Does allocating a struct instance using malloc have any effect on the allocation of its members? Meaning that, is doing something like this:

typedef struct { int *i; } test;
int main() {
     test *t = malloc(sizeof(test));
     t->i = malloc(sizeof(int));
}

... is meaningless because i should be already on the heap, right ?

Or, the struct is just conceptual to help the programmer group two completely separate variables floating in memory? Meaning that: test *t = malloc(sizeof(test)) just allocates the memory for storing pointers to the members on the heap?

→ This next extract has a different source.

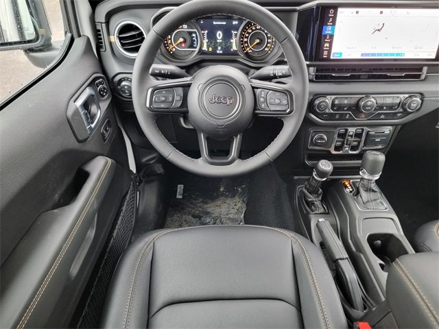 bright white clearcoat 2026 Jeep Gladiator 4WD 8-Speed Automatic 3.6L V6 24V VVT 110 Mph Vehicle Max Speed Calibration, 12.3" Touchscreen Display, 2-Piece Body Color Fender Flares, 3.73 Rear Axle Ratio, 4-Wheel Disc Brakes, 4G LTE Wi-Fi Hot Spot, 8 Speakers, ABS brakes, Advanced Brake Assist, Air Conditioning, Air Conditioning with Auto Temp Control, Alexa Built-in, Alpine Premium Audio System, AM/FM radio: SiriusXM with 360L, Apple CarPlay, Apple CarPlay/Android Auto, Automatic Headlamps, Body Color 3-Piece Hard Top, Brake assist, Central ADAS Decision Module (CADM), Cluster 7.0" TFT Color Display, Compass, Connectivity - US/Canada, Corning Gorilla Glass, Daytime Running Lamp System, Daytime Running Lamps LED Accents, Deep Tint Sunscreen Windows, Delay-off headlights, Driver door bin, Driver vanity mirror, Dual front impact airbags, Dual front side impact airbags, Electronic Stability Control, Emergency/Assistance Call, Freedom Panel Storage Bag, Front anti-roll bar, Front Bucket Seats, Front Center Armrest w/Storage, Front Door Locks 2-Door Passive Entry, Front fog lights, Front LED Fog Lamps, Front License Plate Bracket, Front reading lights, Full Length Floor Console Premium Armrest, Full Speed Forward Collision Warning Plus, Google Android Auto, Hard Seat Back, Heated Front Seats, Heated Steering Wheel, Illuminated entry, Integrated roll-over protection, Leather Wrapped Park Brake Handle, Leather Wrapped Shift Knob, LED Headlamp and Fog Lamp Group, LED Premium Reflector Headlamps, Low tire pressure warning, MOPAR All-Weather Slush Mats, MOPAR Spray in Bedliner, Normal Duty Plus Suspension, Normal Duty Suspension, Occupant sensing airbag, Outside temperature display, Overhead airbag, Panic alarm, ParkView Rear Back-Up Camera, Passenger door bin, Passenger vanity mirror, Power 4-Way Driver Lumbar Adjust, Power 4-Way Passenger Lumbar Adjust, Power Adjust 8-Way Driver Seat, Power Adjust 8-Way Front Passenger Seat, Power Heated Mirrors, Power steering, Power windows, Premium Door Trim Panel, Premium McKinley Trimmed Seats, Premium Wrapped Steering Wheel, Quick Order Package 24H Sahara, Radio data system, Radio: Uconnect 5 with 12.3" Display, Rear anti-roll bar, Rear Armrest with Cupholder Seat, Rear reading lights, Rear Sliding Window, Rear Window Defroster, Remote keyless entry, Remote Start System, Sahara, Sahara Badge Neutral Gray, Security Alarm, Speed control, Split folding rear seat, Steering wheel mounted audio controls, Sun Visors with Illuminated Vanity Mirrors, Tachometer, Telescoping steering wheel, Tilt steering wheel, Traction control, Trip computer, Universal Garage Door Opener, USB Host Flip, Variably intermittent wipers, Voltmeter, Wheels: 17" x 7.5" Black Steel Styled, Wheels: 18" x 7.5" Machined/Painted Gray.

I'm quite baffled about this ..

Answer 1

The i field of test is a primitive int , and malloc ing test will take care of the memory needed by it. Assigning a result of malloc to i should produce a warning, as you're implicitly converting a pointer to an int .

EDIT:
As pointed out in the comments, the question has been edited since the above answer was posted. If your struct contains a pointer, malloc ing the struct will allocate the memory to hold a pointer, but will not allocate the memory this pointer points to. For that, you'll need a second malloc call (eg, test->i = malloc (sizeof (int)) ).

Answer 2

You would only allocate the memory for i if i was a pointer to an int. See this example:

#include <stdlib.h>

typedef struct
{
        int i;
} test;

typedef struct
{
        int* i; 
} testp;

int main()
{
        test* foo = malloc(sizeof(*foo));
        foo->i = 3;

        testp* bar = malloc(sizeof(*bar));
        bar->i = malloc(sizeof(*bar->i));
        *bar->i = 3;
}

When you allocate the struct, there is already space allocated for the int i .

Answer 3

When you call the first malloc, there is enough memory to hold the whole structure, including the '*i', which has enough place to hold a pointer to an integer. The field *i however remains uninitialized! so you must not use *i before you assigned it with the second malloc that reserves memory for an integer.

Answer 4

Given a struct type "test", malloc(sizeof(test)) allocates space for a complete struct, including all members and any padding between. You are perhaps confused about the case where one or more of the members is a pointer:

typedef struct {
    char *string;
    char array[8];
} test;

In that case, the pointer itself is a member, and space is allocated for it, but the thing pointed to is not a member, and no space is allocated for that.

Contrast that with the case where the struct has an array member: the whole array is a member of the struct, and sufficient space is allocated in the struct for all its elements.